Today was one of the rare occasion this year where I actually left school at the normal time because I was not needed in rehearsal or for anything else at school today.
So while I was waiting to get picked up I went and watched soccer for a little, and even though the girls team was only stretching while I was there, it made me miss soccer a lot. I haven’t played in forever! This is like the longest I’ve gone without playing since I was 3 I think and it’s just weird. I didn’t notice how much I missed it until I went outside on a nice day like this and was imagining, “aw it would feel so great to run around and play some…”
I know I’d get exhausted and sweaty and practice would be a butt with my throat in its current state of potentially sick and a bit of allergies, but I still would like to play again.
It’s annoying because I love soccer and want to play but in seems that anything you participate in during high school is expected to be like professional level commitment. I’m interested in a lot of different things, and I love just trying stuff out and having fun exploring curiosities; however, I do not have the time to participate in all of my curiosities at a professional level.
I hear schools around the world talk about “having room to fail” or “having the space to explore curiosities” or “having built out time in the day for relaxing time.” However sometimes I question how much these phrases are put into practice. My best friend put it great when she said,
“It feels like we have to involve ourselves in everything so deeply in high school and nothing is just for kicks anymore.”
We aren’t professionals, and not all of us want to be professionals. For those of us that don’t know, how do we start figuring it out if we don’t have times to just try out new things.
During our “free time” a lot of people have meetings or make up quizzes or tutorials to get to. We had to discuss in a cappella today about how we plan on continuing since we never have everyone there and it just reminded me of how busy we are, but those of us that truly care find the time. Even during our break/club time on Monday’s and Friday’s most of us just get ready for the next class and talk a little, which is fun, but I wonder what it would be like if we had to go outside- like in middle school.
Personally I feel like I never see the sun anymore because I’m in the school building from 7:30am-6pm just about everyday. Today was so pretty outside and I would have missed it. I don’t want to miss it but I struggle to get myself out there.
Among other things, I wish we had intramural sports teams. A place for people that want to try something new or just want to have some fun doing something they love without giving it a full time commitment.

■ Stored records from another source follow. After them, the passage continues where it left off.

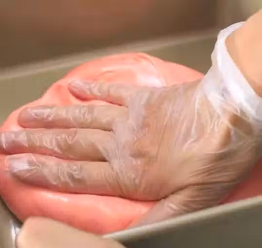 把棉花糖倒入20厘米的正方形模具里,千萬別忘了底部墊油紙,否則脫模時會懷疑人生,我這裡就算是一個反面教材了。
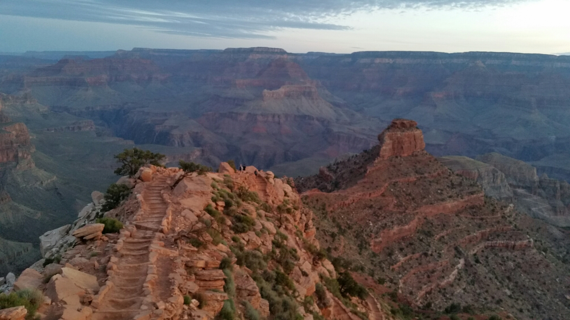 It is fun. We car-camp amongst the ponderosas on a forest service road just south of the park. My alarm set to 3:15 a.m. We’re up and at the grand canyon visitor center by the time the first shuttle bus pulls up at 4:30 a.m.. We’ve got light packs full of bars and a two-liter water capacity (there are springwater spigots every seven miles along the corridor trails!). I’ve also packed a puffy and a headlamp. By 4:45 a.m. we’re switchbacking down the south kaibab trail as the first light begins to wash out the stars above.
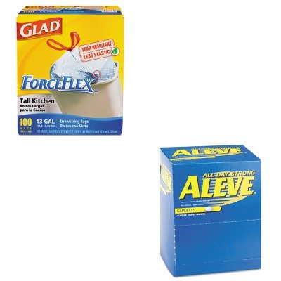 Studio : Aleve Publisher : Aleve Binding : Office Product Product Description lt;stronggt;PFYBXAL50lt;/stronggt;lt;BR/gt;Aleve Pain Reliever Tabletslt;BR/gt;Temporarily relieves minor aches and pains due to arthritis, muscular aches, backache, menstrual cramps, headache, toothache and common cold. Also temporarily reduces fever. Packaged for individual use to replenish first aid stations and kits. Description: 1/Pack Quantity: 50 per box For Use With: First Aid Stations/KitsIndividual Use.lt;BR/gt;lt;BR/gt;lt;stronggt;COX70427lt;/stronggt;lt;BR/gt;Aleve Pain Reliever Tabletslt;BR/gt;One quick pull and it's closed Only Glad has the strength of ForceFlex, the unique diamond-textured plastic that stretches, preventing rips and tears. Three-layer drawstring makes even the fullest bag no problem to close, lift and carry. Application: Can Liner Capacity Range Volume: 13 gal Materials: Plastic Colors: White. 0
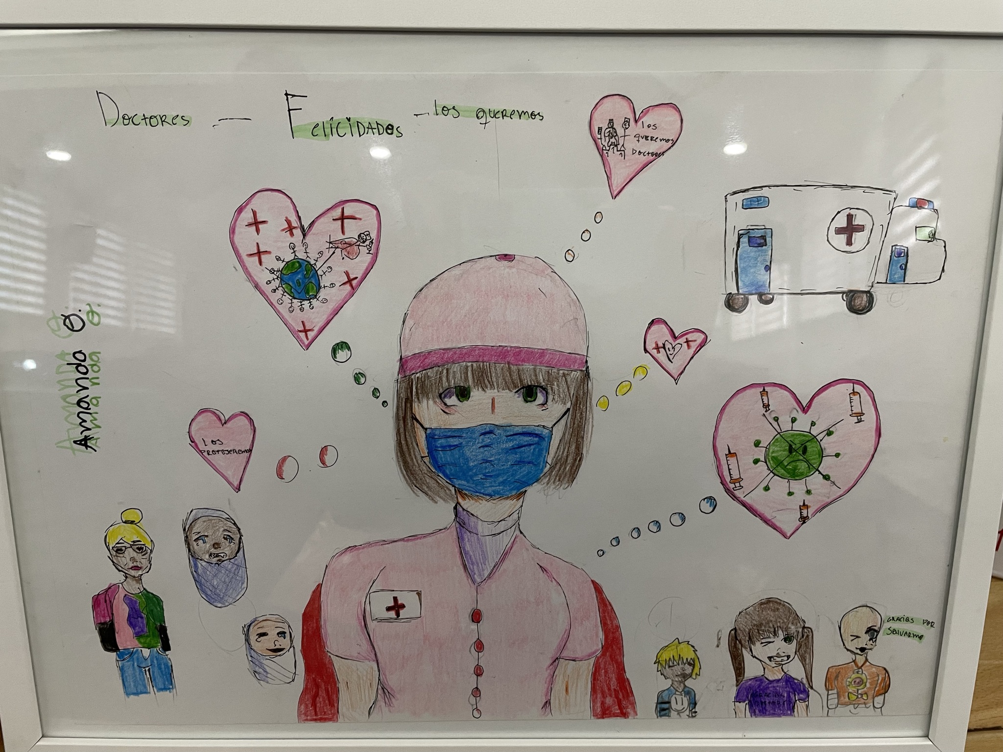 The youth in our local church congregation drew and framed pictures for the pediatric unit.

I don’t have the time for soccer every day for 3 hours after school, but I’d love if we had little scrimmages maybe on a Saturday or around 6 once a weeknight.
Not everything you do has to be all about winning. Why can’t some things just be for fun? I happen to know several girls quit the soccer team this year because they noticed from the start that it was more intense then they wanted. I respect deeply those players that want to get really good at honing their skills so they can win some games and maybe go to the playoffs, but I also know there are some girls who don’t make the team or who simply don’t want the same things from the sport and I wish there was space for us to still have fun doing something we love.
The natural thing I think to myself after rereading this post, as if it wasn’t me who wrote it, would be to say “Well that’s going to take extra people and organizing and equipment, but why don’t you try to start?” The thing is, I don’t have the time to do work on that endeavor, so for now I just get to be a little upset and through out my ideas on my blog. Story of my life.